> [Your assignment]
Take the line containing "Garrafa térmica em" and each line after it through the end of the data below, and return them exactly, minus any pictures.
Supplied information below:
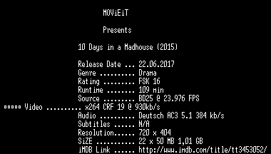| FiLENAME: | 10.Days.in.a.Madhouse.German.2015.AC3.BDRip.x264-MOViEiT.mkv |
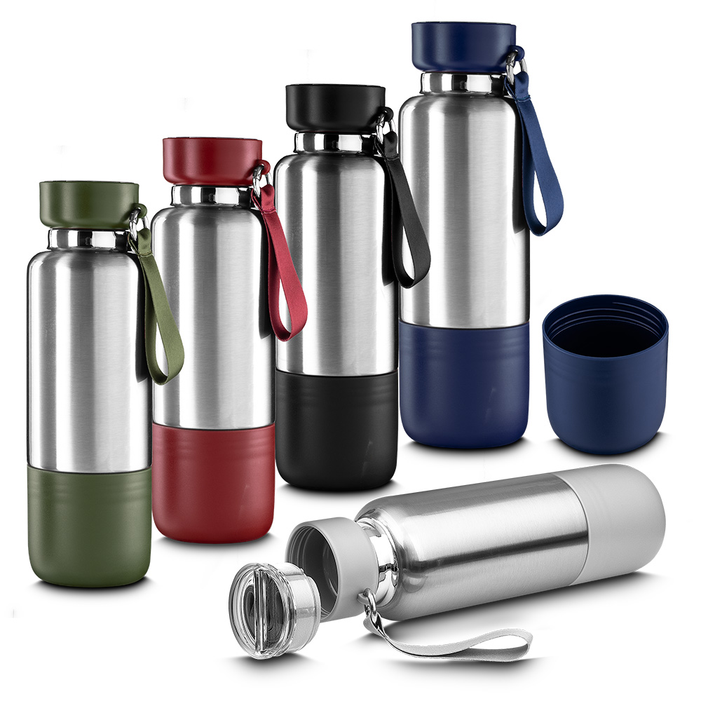 Garrafa térmica em aço inox com parede dupla isolada a vácuo, com capacidade de até 650ml e com parede externa com pintura a pó. Tampa rosqueável com anel de silicone para vedação. Alça de transporte em plástico. Permite-se hidratar por canudo ou bico.
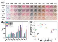 Ribonucleotides species are one linchpin in biological field, which play vital roles in physiological processes such as energy supply, metabolism, and transmission of genetic information in organisms [1]. For example, guanosine triphosphate (GTP) is involved in the synthesis of RNA, DNA proteins and intracellular nutrient metabolism [2, 3]. Adenosine diphosphate (ADP) plays an important role in the fundamental biological reactions catalyzed by adenosine triphosphatase (ATPases) and kinases [4]. Moreover, these small biomolecules often functioned as biomarkers to diagnose diseases and monitor the life activities in living organisms. Therefore, sensors for physiological ribonucleotides are of vital importance for investigating the metabolic processes and diseases diagnosis. With this issue in mind, great efforts have been devoted to developing sensitive and selective methods for ribonucleotide detection in the past decades, including fluorome-try [5-7], spectrophotometry [8], nuclear magnetic resonance spectroscopy [9], chromatography [10], electrochemical analysis [11, 12], and aptamer-based optical sensing [13], and so on. These methods can only selectively detect one kind of ribonucleotide and/or require sophisticated instrumentation, and just few attempts have been reported for distinguishing twelve ribonucleotides at the same time. Accordingly, the development of simple, rapid, and novel strategies for large-scale determination of ribonucleotides is highly desirable.
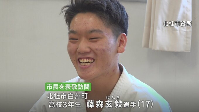大柴邦彦市長を表敬訪問したのは北杜市白州町の高校3年生、藤森玄毅選手です。
End of Supplied information.
> [Answer to this problem]
 Garrafa térmica em aço inox com parede dupla isolada a vácuo, com capacidade de até 650ml e com parede externa com pintura a pó. Tampa rosqueável com anel de silicone para vedação. Alça de transporte em plástico. Permite-se hidratar por canudo ou bico.
 Ribonucleotides species are one linchpin in biological field, which play vital roles in physiological processes such as energy supply, metabolism, and transmission of genetic information in organisms [1]. For example, guanosine triphosphate (GTP) is involved in the synthesis of RNA, DNA proteins and intracellular nutrient metabolism [2, 3]. Adenosine diphosphate (ADP) plays an important role in the fundamental biological reactions catalyzed by adenosine triphosphatase (ATPases) and kinases [4]. Moreover, these small biomolecules often functioned as biomarkers to diagnose diseases and monitor the life activities in living organisms. Therefore, sensors for physiological ribonucleotides are of vital importance for investigating the metabolic processes and diseases diagnosis. With this issue in mind, great efforts have been devoted to developing sensitive and selective methods for ribonucleotide detection in the past decades, including fluorome-try [5-7], spectrophotometry [8], nuclear magnetic resonance spectroscopy [9], chromatography [10], electrochemical analysis [11, 12], and aptamer-based optical sensing [13], and so on. These methods can only selectively detect one kind of ribonucleotide and/or require sophisticated instrumentation, and just few attempts have been reported for distinguishing twelve ribonucleotides at the same time. Accordingly, the development of simple, rapid, and novel strategies for large-scale determination of ribonucleotides is highly desirable.
大柴邦彦市長を表敬訪問したのは北杜市白州町の高校3年生、藤森玄毅選手です。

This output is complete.